El potente silbido de una sirena de una sola nota que se había inmovilizado y horadaba el aire tenía algo extraño, como la insistencia de un cuerno de niebla a pleno sol. Martín abrió los ojos y la memoria dormida aún le lanzó mensajes oscuros e indescifrables que sin embargo le produjeron un dolor agudo y profundo. Alguien había corrido las cortinas y le cegaba la brutalidad de la luz. Debe de ser más de mediodía, pensó. Andrea no estaba y el desorden del camarote, como una imagen de su propio desaliento, le hirió de forma desacostumbrada. Ruidos confusos llegaban del puerto y del muelle y cuando fueron cobrando sentido recordó que hoy llegaba el barco de Rodas, y entre las brumas de sus ansias dormidas dedujo aún: sí así es traerá consigo la pieza que esperamos, con un poco de suerte podremos zarpar esta misma tarde y dejaremos la isla de una vez.
Fue al cuarto de baño y no se duchó sino que se lavó la cara con agua fría porque un papel en el espejo le recordaba que había que ahorrar el agua hasta que el barco pudiera ir a repostar a la manga, en el otro extremo del puerto.
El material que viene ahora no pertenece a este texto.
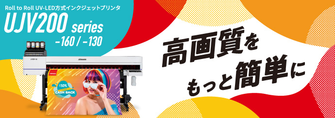 「UJV200 Series」は、当社フラグシッププリンタに搭載される「330エンジン」プリントヘッドをシングル搭載し、操作経験が少ないオペレーターでも美しく・速く・簡単にプリント成果物を制作することができるRoll to Roll UVインクジェットプリンタです。

En la cabina no había nadie. Habrían ido a comprar provisiones o a acompañar a Leonardus a llamar por teléfono, como siempre, pensó, nada les gusta más. Subió un par de peldaños de las escaleras de acceso a cubierta y asomó la cabeza. Un destartalado paquebote levantaba sobre el casco pintado de rojo una chimenea obsoleta, demasiado aplastada, con el anagrama blanco y negro de la naviera que aún le mantenía en vida. Había iniciado la maniobra dispuesto a abarloarse en el muelle casi frente al restaurante de Giorgios y dos marineros de opereta, con gorros blancos y jerséis de rayas azules, tenían preparada la pasarela desde la borda. En tierra junto a los dos hombres que esperaban para recoger los cabos, treinta o cuarenta personas permanecían inmóviles observando la lenta maniobra. Giorgios había salido de los confines de su café para llevar al barco un carrito de ruedas con que recoger la mercancía. Detrás de ellos otras personas se acercaban en pequeños grupos. Se movían todos despacio, como si apenas les dejara avanzar el calor suspendido en unos rayos de sol que a fuerza de exhibir su intensidad habían perdido lustre. El mediodía era turbio y pegajoso.
Martín volvió a la cabina, se sirvió una taza de café que encontró aún tibio en un bote sobre el fogón y subió a sentarse en la bañera bajo el toldo.
– Este calor nos matará -dijo en voz alta, pero sabía que no era el calor.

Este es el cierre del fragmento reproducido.